Spitzweg und Wilhelm Busch geistern durch den Kopf beim Anblick des hageren Schauspielers, der wohlgefällig den Sperrbezirk des Musentempels betritt. Das Niemandsland zwischen Kassa, Toiletten, Garderobe und Theke. Ihn, den Charlie Dodler, den Dichter, dessen Stück von einem "tolldreisten Leben" gerade auf der Bühne spielt, hat man einfach zu kennen. Doch so simpel läuft das auf Erden nicht.

Da kann man schön daneben stehen. Immer kleiner wird er, zu einem Häufchen Elend. Verzweifelt rennt er gegen Saaltüren und den Einlasser an, verdammt zum kafkaesken Türsteher, dem der Eintritt verwehrt wird. Ins Paradies (der Eitelkeiten), auch wenn das im Sinne Sartres nur ein anderer Lokus in der Hölle Leben ist, kommt er bis zuletzt nicht. In diesem Spiel im Spiel, wo die Ebenen wanken, wo alles zur Bühne wird, wo Hoffnung, Trostlosigkeit, Gott und Nichts verschmelzen, bleibt der Mensch am Rand und auf der Strecke. "Das Leben rennt irgendwie dahin, kommt und geht, auf einmal ist es weg", bringt es Dodlers Freund Otto Sammler alias Rupert M. Lehofer auf den Punkt.

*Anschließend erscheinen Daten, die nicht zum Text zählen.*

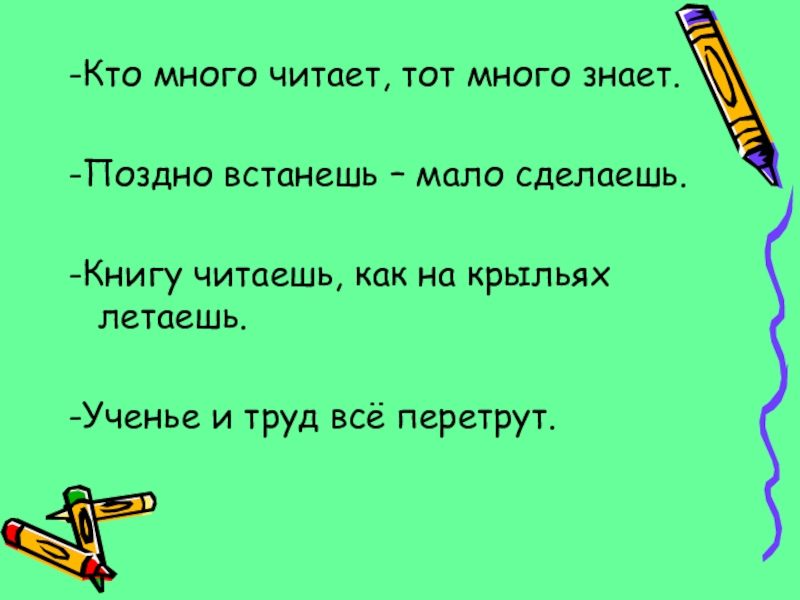 -Кто много читает, тот много знает.-Поздно встанешь – мало сделаешь.-Книгу читаешь, как на крыльях летаешь.-Ученье и труд

Der Lebensbegleiter und Kritiker - ein Denkmal für Otto Breicha - schlurft im Pyjama durchs Foyer, mehr wein- denn leutselig wie der Protagonist selbst.

Und dann sind da noch die Frauen. Hyänenartige Marsmenschen - Mann versteht sie nicht -, schrill und geil: Eva Maria Hofer nimmt ihren Dichter-Gatten animalisch aufs Horn und macht aus dem alten Tatterer einen lächerlichen Ziegenbock. Selbst Puristen entlockt der kauzige Kabas - viehisch erniedrigt - Tränen der Heiterkeit. Brunftig stehen Kassafrau Juliette Eröd und Garderobiere Martina Zinner zur Seite.

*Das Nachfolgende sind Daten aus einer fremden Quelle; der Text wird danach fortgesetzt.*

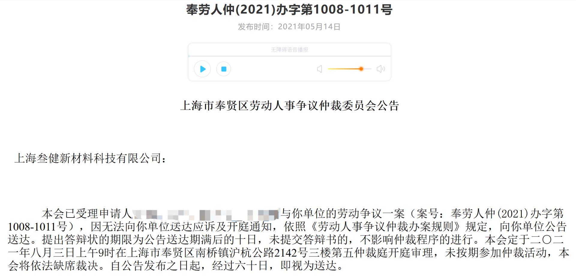 巧合的是,2021年5月,上海市奉贤区人力资源和社会保障局披露了一则受理通知,4名自然人因与上海叁健存在劳动争议,将上海叁健告到仲裁庭。同期披露的详细信息显示,其中至少3人在2020年6月后受聘进入上海叁健工作,但并未签订劳动合同。

Mit Slapstick sorgen die Regisseurinnen Pia Hierzegger und Monika Klengel für Kurzweil trotz etlicher Längen und durchbrechen das existenzialistisch-düstere Spiel. Auf der Strecke bleiben stellenweise die philosophischen Aussagen. Fein gelungen sind die Altersumkehrungen: Enddreißiger spielen Siebzigjährige, Oldies stören mit ihren plärrenden Babys die Aufführung.

Absurdität pur lässt schließlich die Auseinandersetzung mit unerfüllten Lebenserwartungen in ein wahnwitziges Kaleidoskop umkippen: Das Theater brennt - wie Georg Kreislers in Flammen stehender Zirkus -, und die Erlebnisgier treibt kulturbeflissene Transplantations-Ärzte auf den Plan. Kurzerhand wird dem Schriftsteller das Herz von Dabbelju Bush eingepflanzt - mit programmierter Identitätslosigkeit und perfider Go-West-Untergangsstimmung.

Im Finale greift der auf ein Versuchskaninchen reduzierte Dichter-König zu MG und Sprengsatz, schießt alle nieder und erledigt sich selbst. Sarkastischer Exodus, makabrer Scherz eines vom lächerlichen Gesellschafts-Spiel angewiderten Poeten, der genüsslich-virtuell die Bombe platzen lässt. Schmunzelnd gesteht Bauer der "Presse" im Foyer nach dem "Foyer": "Würde manchmal gerne alle umbringen."